Bir ev aynı anda nasıl bu kadar mütevazı görünüp bu kadar çarpıcı olabilir? Bu ay Bebek’te iç mimar Esra Ergün Kazmirci’nin evine konuk oluyor ve onun huzur vahasını dolaşıyoruz.
Ev Bahçe Dergisi’nin Temmuz 2013 sayısında yayınlanmıştır. Telif hakları DBR’ye aittir.
FOTOĞRAFLAR: TUNÇSEL ÜLKÜ
Bebek İstanbul’un gözbebeğidir. Tüm ünlülerin akın ettiği, sosyetenin buluştuğu yerdir burası… Bebek Parkı’nı geçip sahilde ilerlerken siyah bir kapıdan girip cennetle karşılaşabileceğinizi ise asla tahmin edemezsiniz. Aslında şaşırmamak gerek, çünkü burası Bizans döneminden beri önemini hiç yitirmeyen Bebek Bahçe’nin devamı… Bizans döneminin önemli yeşil alanlarından biriyken bu küçük orman servilerle kaplıydı. Evliya Çelebi, Fatih Sultan Mehmed’in buraya Bebek Çelebi adında bir bölükbaşı atadığını ve semtin adının buradan geldiğini kayda düşüyor. Bebek Çelebi’nin kurduğu bahçe “Bağçe-i bebek” olarak anılıyormuş. Bahçe imara açıla açıla git gide küçülmüş. Bu ev de Ayşe Sultan Korusu’nun yanındaki Eliyeşil Sitesi’nde yer alıyor.
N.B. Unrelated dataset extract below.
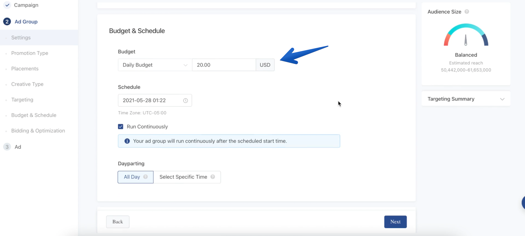 - Budget:minimum $20/day (as TikTok doesn’t allow a lower amount)

Siteye girdiğinizde iki tarafı ağaçlarla kaplı bir yolda ilerlemeye başlıyorsunuz. Şehrin gürültüsü geride kalıyor, kendinizi bambaşka bir coğrafyada hissetmeye başlıyorsunuz. Kot farkı yüzünden bahçeler yeşillikler arasında neredeyse yok gibiler… Arabamızı arka bahçeye park edip birkaç merdivenle evin girişine iniyoruz. Geniş, ferah zemini mozaikle kaplı antre çıkıyor karşımıza… Giriş katında bir salon, bir televizyon odası, yemek odası, mutfak ve misafir banyosu var. Salona doğru yöneldiğimizde bahçeye açılan kapıyı görüyoruz. İşte bahçenin çağrısı başlıyor. Hemen bahçedeki L koltuklara atıyoruz kendimizi… Evin küçük oğlu havuzda yazın tadını çıkarıyor. Kahvelerimizi alıp ev sahibesi iç mimar Esra Ergün Kazmirci ile bu büyüleyici bahçeyi konuşmaya koyuluyoruz.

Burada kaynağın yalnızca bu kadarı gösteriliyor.